Most young, single people in the Greensboro, North Carolina area probably don’t give much thought to estate planning. Nevertheless, it’s vital for every adult to have an estate plan whether you are married, in a relationship, or anything else. The reality of estate planning is that only by crafting an individualized plan can you protect some of the most important issues in your life. Here is what single people should know about estate planning, and why creating a plan matters so much.
Making Choices For a Single Person
One of the key elements of estate planning is the ability to make decisions about who you want to serve as your representative should you become incapacitated. Even though young people are far less likely to become incapacitated, it’s a possibility for which everyone needs to be prepared. Sudden and unexpected incapacitation can cause some significant legal headaches for the loved ones and family members of the unprepared.
When a single person becomes incapacitated it typically falls to that person’s closest family members to make decisions on that person’s behalf. For example, if you are college student and become incapacitated, it will likely fall to your parents to make decisions for you.
This is important to many single people because it means that your romantic partner will not have the legal ability to make decisions for you, regardless of how long you’ve been together. Even if you have been with your partner for years, your partner does not have the legal right to become your representative. If you want your partner, or anyone else, to serve as your representative, you will have to make an estate plan.
Single Parents and Estate Planning
If you are a single parent, having an estate plan is absolutely essential. If you have a child under the age of 18 and something should happen to you, who would become responsible for caring for and raising your child? Should you die, who would become that child’s legal guardian? If the other parent is still involved in your child’s life, or is still available to care for the child, how will his or her decision affect your ability to choose a responsible adult to care for the child?
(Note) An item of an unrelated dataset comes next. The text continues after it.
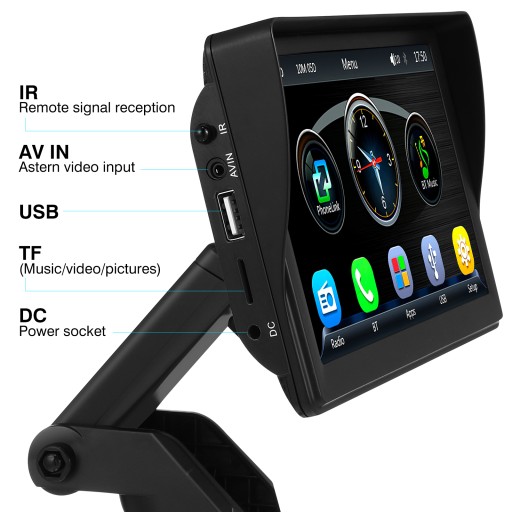 - 7-calowy odtwarzacz MP5 do urządzenia multimedialnego, który oferuje szereg funkcji napędzających z jazdy. Dzięki tej konstrukcji jest możliwe przenoszenie i urządzenia, co jest możliwe w przypadku każdego samochodu. Bezprzewodowe połączenie umożliwia podłączenie telefonu i dostęp do funkcji szeregowej.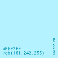 Цвет #B5F2FF в цветовой модели RGB обозначается тремя октетами (181, 242, 255) в десятичном формате и #B5F2FF в шестнадцатиричном (hex) формате, которые являются интенсивностью красного 181 (hex B5), интенсивность зелёного 242 (hex F2) и интенсивность синего 255 (hex FF).

If you don’t have an estate plan you have no way of protecting your choice about who you want to care for your child in the event you are no longer able to do so yourself. If the child’s other parent is deceased, not available, or otherwise unable to care for the child, you will need to craft a plan that chooses a responsible person to step into the parental role in your absence. Failing to do so will mean that you leave it up to a court to decide who should care for your child. Though a court has a duty to make a responsible decision, the person the court chooses may not be the person you would have wanted.